Claude Code communicates with Anthropic’s services using an API key, transmitted with each authenticated request. By manipulating a repository-controlled configuration setting, researchers demonstrated that API traffic , including the full authorization header, could be redirected to an attacker-controlled server before the user confirmed trust in the project directory. This meant that simply opening a malicious repository could:

  • Exfiltrate a developer’s active API key
  • Redirect authenticated API traffic to external infrastructure
  • Capture credentials before any trust decision was made

In collaborative AI environments, a single compromised key can become a gateway to broader enterprise exposure.

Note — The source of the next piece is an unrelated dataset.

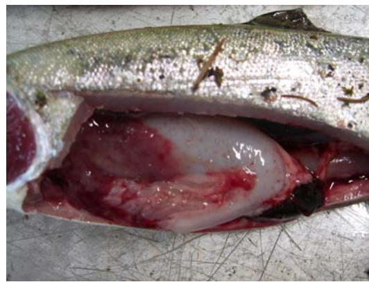
Abb. 2: An Rotmaulseuche erkrankte Regenbogenforelle

Die Furunkulose wird hervorgerufen durch Aeromonas salmonicida spp. salmonicida . Sie betrifft insbesondere Bachforellen, Saiblinge und Felchen. Unterschieden werden die perakute und akute Form sowie die subakute und die chronische Form. Nur bei letzteren beiden treten die typischen Hautgeschwüre auf. Regelmäßig tritt außerdem eine Milzschwellung und eine Darmentzündung auf. Auch diese Erkrankung kann hohe Verluste verursachen.

This issue was assigned CVE-2026-21852.


Why the API Key Exposure Mattered

Anthropic’s API includes a feature called Workspaces, which allows multiple API keys to share access to project files stored in the cloud.

Files are associated with the workspace itself, not a single key.

With a stolen key, an attacker could potentially:

  • Access shared project files
  • Modify or delete cloud-stored data
  • Upload malicious content
  • Generate unexpected API costs

In collaborative AI ecosystems, a single exposed key can scale from individual compromise to team-wide impact. 

A New Supply Chain Risk in AI Tools

These vulnerabilities reflect a broader structural shift in how software supply chains operate. Modern development platforms increasingly rely on repository-based configuration files to automate workflows and streamline collaboration. Traditionally, these files were treated as passive metadata – not as execution logic.

However, as AI-powered tools gain the ability to execute commands, initialize external integrations, and initiate network communication autonomously, configuration files effectively become part of the execution layer. What was once considered operational context now directly influences system behavior.

This fundamentally alters the threat model. The risk is no longer limited to running untrusted code – it now extends to opening untrusted projects. In AI-driven development environments, the supply chain begins not only with source code, but with the automation layers surrounding it.

Remediation and Disclosure

Check Point Research worked closely with Anthropic throughout the disclosure process.

Anthropic implemented fixes that:

  • Strengthened user trust prompts
  • Prevented external tool execution before explicit approval
  • Blocked API communications until after trust confirmation


All reported issues have been resolved prior to public disclosure.

Why This Matters

AI-powered coding tools are rapidly becoming part of enterprise development workflows. Their productivity benefits are significant, but so is the need to reassess traditional security assumptions.

Configuration files are no longer passive settings. They can influence execution, networking, and permissions.

As AI integration deepens, security controls must evolve to match the new trust boundaries.